Products became increasingly uncompetitive. In addition, pension plans to
support 650,000 retirees and their dependents (compared with 80,000 active
employees in N. America as of 2010) rose to 4.8% of GM’s annual expenses
jm
February 28th, 2011
11:15 pm
How many years left for the USA?…….
jm
February 28th, 2011
11:16 pm
http://www.usdebtclock.org/
the clock doesn’t stop ticking.
tick.
tock.
Midori
February 28th, 2011
11:54 pm
ok, now the propagandists have resorted to talking to themselves.
Pitiful
Night all…………
TnGelding
March 1st, 2011
2:29 am
I think they’re bluffing. When Zandi talks, I listen. I hope this message spreads rapidly. The GOP is trying to undermine the recovery. Let’s send Congress and their bloated, elite staffs home!
TnGelding
March 1st, 2011
2:34 am
The USA is alive and ‘ticking’ .Our GDP is nearly 3 times that of second place China and we’re still the number one manufacturer in the world. Buying American will hasten the recovery. Those that invested in an education are doing quite well, thank you, as is corporate America.
TaxPayer
March 1st, 2011
6:59 am
Canada’s Radio Act requires that “a licenser may not broadcast….any false or misleading news.” The provision has kept Fox News and right wing talk radio out of Canada.
You don’t say! Who would have ever guessed that one. Too bad we don’t have the same rules.
Moodys Analytics
March 1st, 2011
9:16 am
Government mandates and spending often has a varying impact on taxpayers, as well as unintended consequences such as influencing unemployment and the housing market. Additional consumer credit analysis and Moody’s Analytics’ Mark Zandi commentary is available at:
http://www.moodysanalytics.com/Products-and-Solutions/Economic-Consumer-Credit-Analytics/Economic-Research/Global-Macro-Dismal-Scientist.aspx
K Kiefer
March 1st, 2011
1:36 pm
Here’s the info you asked for, Jay.
http://online.wsj.com/article/SB10001424052748703749504576172942399165436.html?mod=WSJ_hp_mostpop_read
First we’re told that trillions in stimulus are needed for jobs, and when that doesn’t work, we’re told stopping the spending will cost jobs?!
Charles Cicco
March 3rd, 2011
2:38 pm
So many people overlook the Bush tax cuts and that starting and botching two wars and spending on the military like drunken sailors is what contributed to the deficit.

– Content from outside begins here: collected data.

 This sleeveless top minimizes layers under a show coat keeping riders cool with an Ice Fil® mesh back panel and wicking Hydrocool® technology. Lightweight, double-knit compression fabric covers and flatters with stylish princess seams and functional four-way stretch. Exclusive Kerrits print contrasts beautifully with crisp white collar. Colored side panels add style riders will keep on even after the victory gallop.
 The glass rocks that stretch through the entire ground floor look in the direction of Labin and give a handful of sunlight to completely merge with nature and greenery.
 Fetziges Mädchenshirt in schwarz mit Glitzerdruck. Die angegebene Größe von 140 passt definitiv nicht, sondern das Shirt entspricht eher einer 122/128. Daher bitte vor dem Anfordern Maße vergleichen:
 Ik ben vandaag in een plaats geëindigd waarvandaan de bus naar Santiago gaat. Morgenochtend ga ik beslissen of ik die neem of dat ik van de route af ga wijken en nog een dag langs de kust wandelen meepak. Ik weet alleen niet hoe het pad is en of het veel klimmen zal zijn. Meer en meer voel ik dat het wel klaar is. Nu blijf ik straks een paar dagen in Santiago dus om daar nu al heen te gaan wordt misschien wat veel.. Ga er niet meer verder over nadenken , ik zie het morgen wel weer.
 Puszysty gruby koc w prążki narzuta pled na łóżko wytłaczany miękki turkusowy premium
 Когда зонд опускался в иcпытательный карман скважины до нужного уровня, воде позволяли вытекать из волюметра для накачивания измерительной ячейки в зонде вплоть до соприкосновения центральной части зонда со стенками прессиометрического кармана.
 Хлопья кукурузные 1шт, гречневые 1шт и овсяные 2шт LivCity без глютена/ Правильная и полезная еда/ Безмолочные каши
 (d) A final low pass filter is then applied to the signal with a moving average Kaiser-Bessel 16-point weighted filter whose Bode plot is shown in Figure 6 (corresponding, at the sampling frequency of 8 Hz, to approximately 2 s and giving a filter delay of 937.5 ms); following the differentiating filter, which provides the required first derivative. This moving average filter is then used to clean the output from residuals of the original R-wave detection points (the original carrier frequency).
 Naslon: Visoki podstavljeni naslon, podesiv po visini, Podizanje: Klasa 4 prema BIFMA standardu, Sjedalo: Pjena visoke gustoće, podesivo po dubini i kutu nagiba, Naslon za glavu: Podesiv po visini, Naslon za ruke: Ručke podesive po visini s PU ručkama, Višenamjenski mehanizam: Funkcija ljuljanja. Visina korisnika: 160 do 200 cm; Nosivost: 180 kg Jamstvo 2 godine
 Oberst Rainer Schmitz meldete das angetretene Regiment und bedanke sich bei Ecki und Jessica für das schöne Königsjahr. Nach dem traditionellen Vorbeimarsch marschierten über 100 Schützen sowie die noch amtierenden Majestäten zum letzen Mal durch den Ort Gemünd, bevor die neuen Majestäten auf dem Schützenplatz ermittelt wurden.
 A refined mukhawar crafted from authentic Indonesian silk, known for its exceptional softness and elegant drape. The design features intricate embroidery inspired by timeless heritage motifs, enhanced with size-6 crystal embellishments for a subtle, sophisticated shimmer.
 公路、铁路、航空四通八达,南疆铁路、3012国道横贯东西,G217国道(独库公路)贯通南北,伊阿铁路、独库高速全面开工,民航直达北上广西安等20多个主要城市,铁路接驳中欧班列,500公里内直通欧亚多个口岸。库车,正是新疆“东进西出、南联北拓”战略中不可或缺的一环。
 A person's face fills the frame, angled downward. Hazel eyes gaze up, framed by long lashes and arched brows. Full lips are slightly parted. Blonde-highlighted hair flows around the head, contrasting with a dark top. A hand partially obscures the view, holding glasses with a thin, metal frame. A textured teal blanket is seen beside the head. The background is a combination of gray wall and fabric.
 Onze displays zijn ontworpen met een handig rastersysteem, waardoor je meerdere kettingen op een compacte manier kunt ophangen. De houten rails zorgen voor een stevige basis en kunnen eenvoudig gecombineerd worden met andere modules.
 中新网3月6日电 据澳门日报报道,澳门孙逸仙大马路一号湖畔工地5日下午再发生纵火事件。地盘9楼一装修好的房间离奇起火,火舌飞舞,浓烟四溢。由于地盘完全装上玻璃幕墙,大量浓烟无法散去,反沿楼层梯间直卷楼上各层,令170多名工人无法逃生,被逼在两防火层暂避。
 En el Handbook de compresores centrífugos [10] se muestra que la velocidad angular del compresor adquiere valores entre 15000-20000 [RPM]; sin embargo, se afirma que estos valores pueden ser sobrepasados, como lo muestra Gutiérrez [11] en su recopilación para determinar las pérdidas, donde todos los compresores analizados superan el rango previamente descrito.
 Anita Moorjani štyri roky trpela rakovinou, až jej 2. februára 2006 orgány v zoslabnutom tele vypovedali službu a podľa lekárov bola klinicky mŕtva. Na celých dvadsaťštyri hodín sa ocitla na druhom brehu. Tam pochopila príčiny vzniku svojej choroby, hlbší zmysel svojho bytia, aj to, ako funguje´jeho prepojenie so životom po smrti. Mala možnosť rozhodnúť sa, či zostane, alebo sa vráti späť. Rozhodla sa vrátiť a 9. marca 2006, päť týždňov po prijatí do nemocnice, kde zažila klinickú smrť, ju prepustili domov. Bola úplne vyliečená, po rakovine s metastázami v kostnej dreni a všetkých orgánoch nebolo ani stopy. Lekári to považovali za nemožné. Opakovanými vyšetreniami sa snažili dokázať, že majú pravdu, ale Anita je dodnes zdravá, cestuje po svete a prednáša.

NOT OBAMA’S FAULT! He is only stuck with the consequences and is severely constrained because of the actions of that gang of psychopaths who damaged this country during the Bush years. Why should he be complicit in welching on the “entitlement” obligations. Such actions would destroy the Democratic party. I hope the Democrats are not stampeded into doing anything stupid because the Republican weasels would immediately blame them and celebrate.